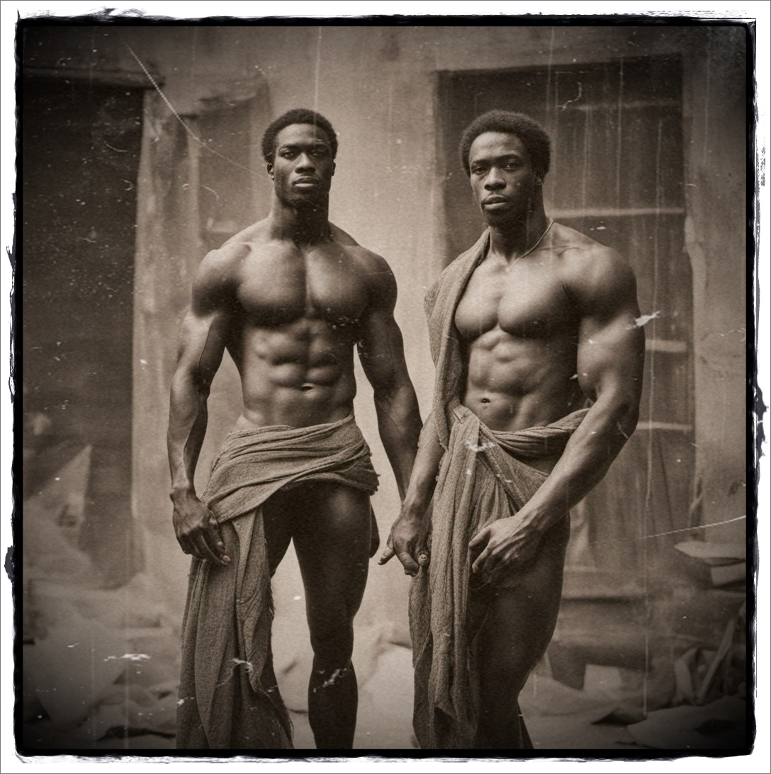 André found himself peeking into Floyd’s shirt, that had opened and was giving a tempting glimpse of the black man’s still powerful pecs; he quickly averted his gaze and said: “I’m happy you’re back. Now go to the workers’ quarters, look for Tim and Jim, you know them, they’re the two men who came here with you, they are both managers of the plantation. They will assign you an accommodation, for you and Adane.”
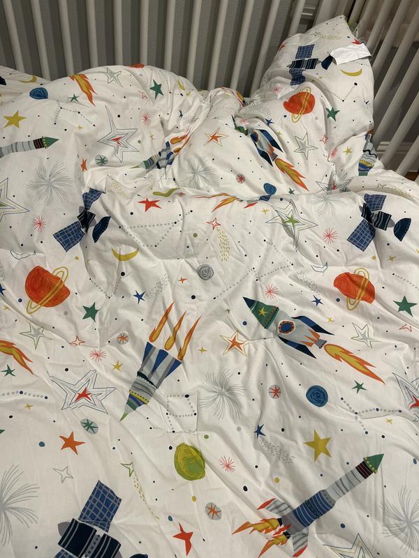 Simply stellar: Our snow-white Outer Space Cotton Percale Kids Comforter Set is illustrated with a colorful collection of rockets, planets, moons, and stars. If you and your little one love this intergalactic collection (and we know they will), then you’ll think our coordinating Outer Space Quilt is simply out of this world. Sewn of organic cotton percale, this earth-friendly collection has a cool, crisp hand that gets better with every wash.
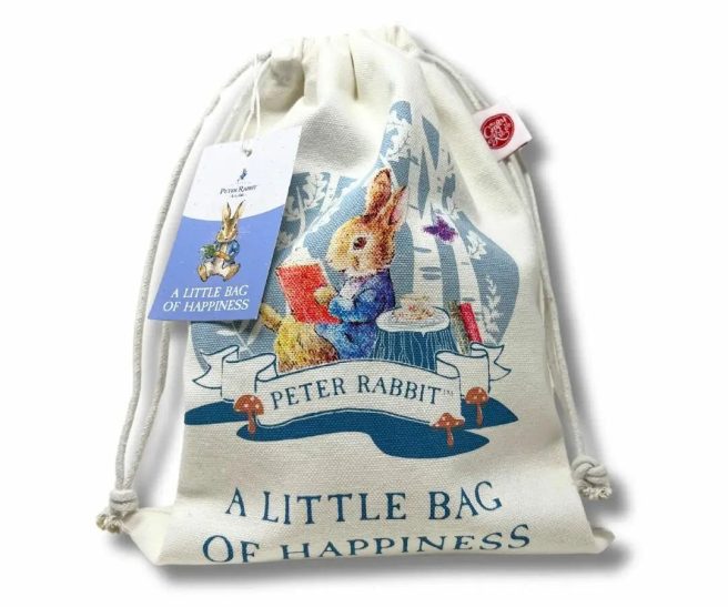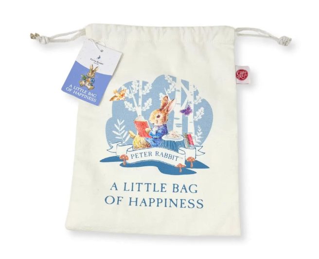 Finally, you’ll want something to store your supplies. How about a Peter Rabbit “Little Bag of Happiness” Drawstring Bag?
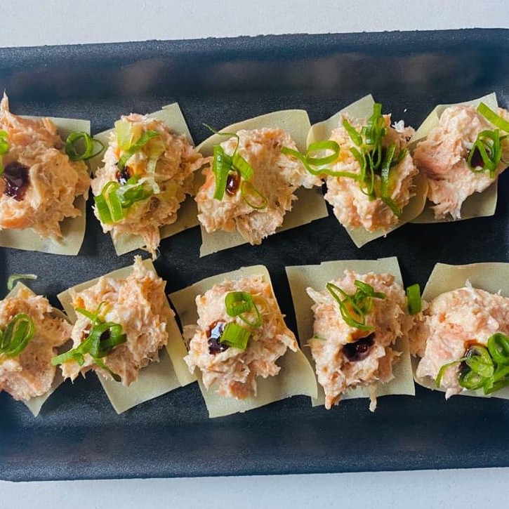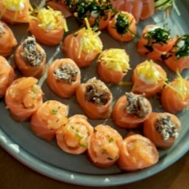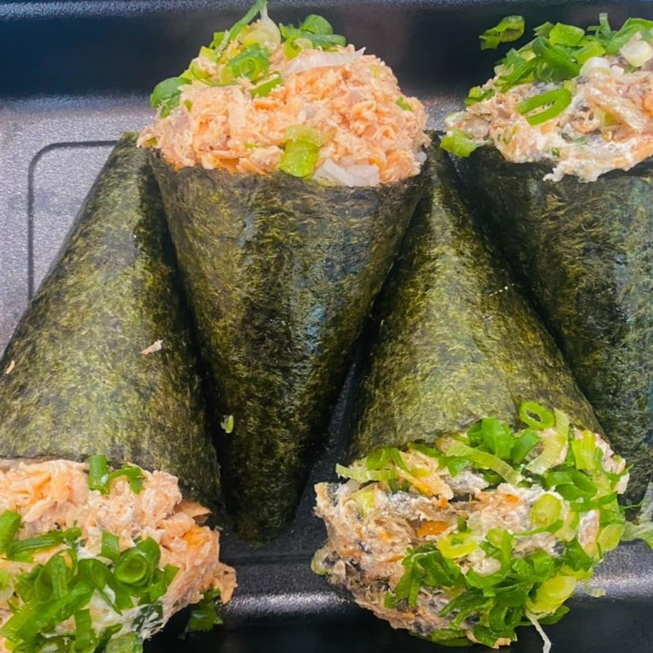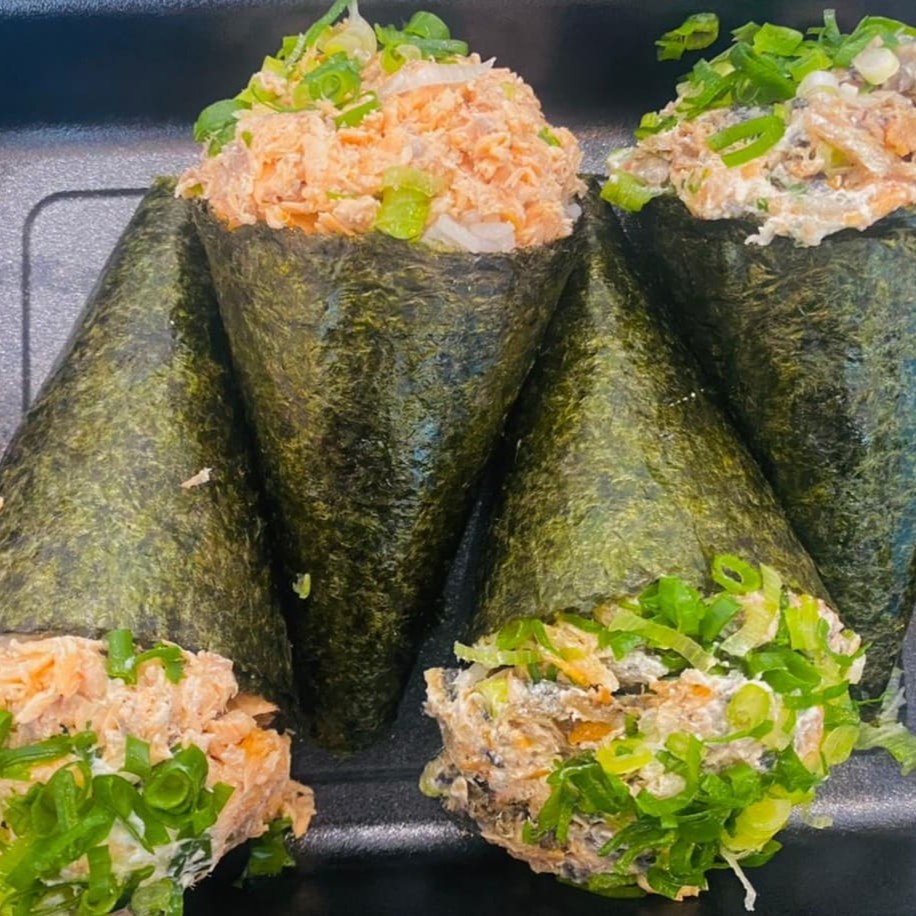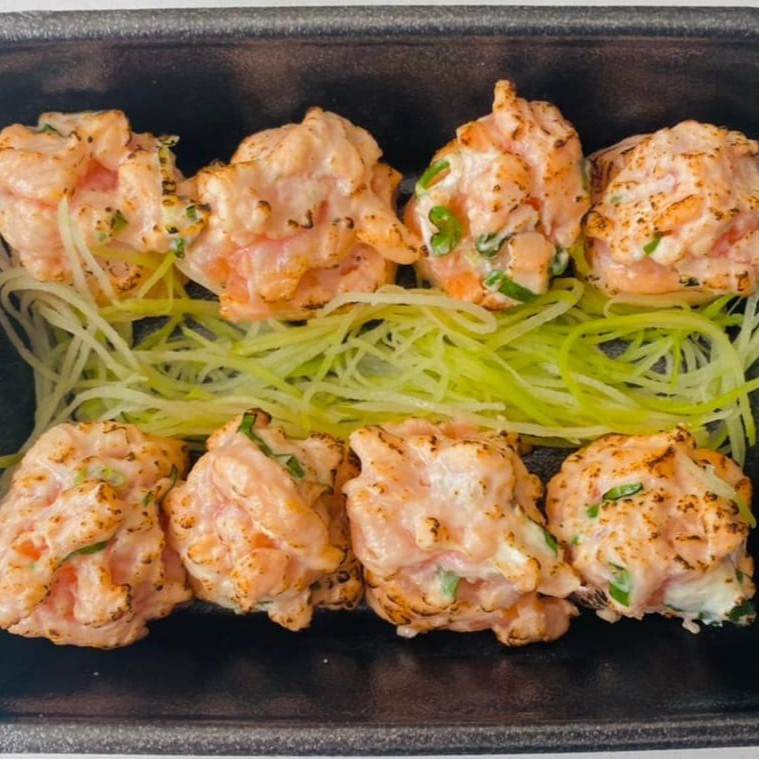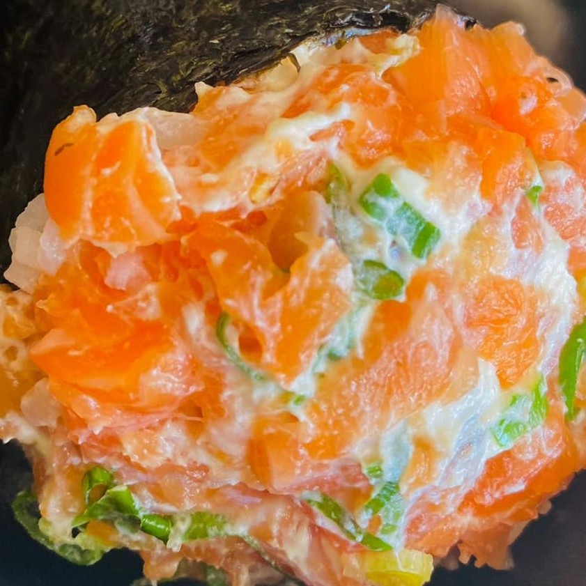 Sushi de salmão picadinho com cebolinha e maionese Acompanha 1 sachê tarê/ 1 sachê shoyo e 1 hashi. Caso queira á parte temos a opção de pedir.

——————

Exercise: With the images removed, write out all of the material above exactly.

Response:
 André found himself peeking into Floyd’s shirt, that had opened and was giving a tempting glimpse of the black man’s still powerful pecs; he quickly averted his gaze and said: “I’m happy you’re back. Now go to the workers’ quarters, look for Tim and Jim, you know them, they’re the two men who came here with you, they are both managers of the plantation. They will assign you an accommodation, for you and Adane.”
 Simply stellar: Our snow-white Outer Space Cotton Percale Kids Comforter Set is illustrated with a colorful collection of rockets, planets, moons, and stars. If you and your little one love this intergalactic collection (and we know they will), then you’ll think our coordinating Outer Space Quilt is simply out of this world. Sewn of organic cotton percale, this earth-friendly collection has a cool, crisp hand that gets better with every wash.
 Finally, you’ll want something to store your supplies. How about a Peter Rabbit “Little Bag of Happiness” Drawstring Bag?
 Sushi de salmão picadinho com cebolinha e maionese Acompanha 1 sachê tarê/ 1 sachê shoyo e 1 hashi. Caso queira á parte temos a opção de pedir.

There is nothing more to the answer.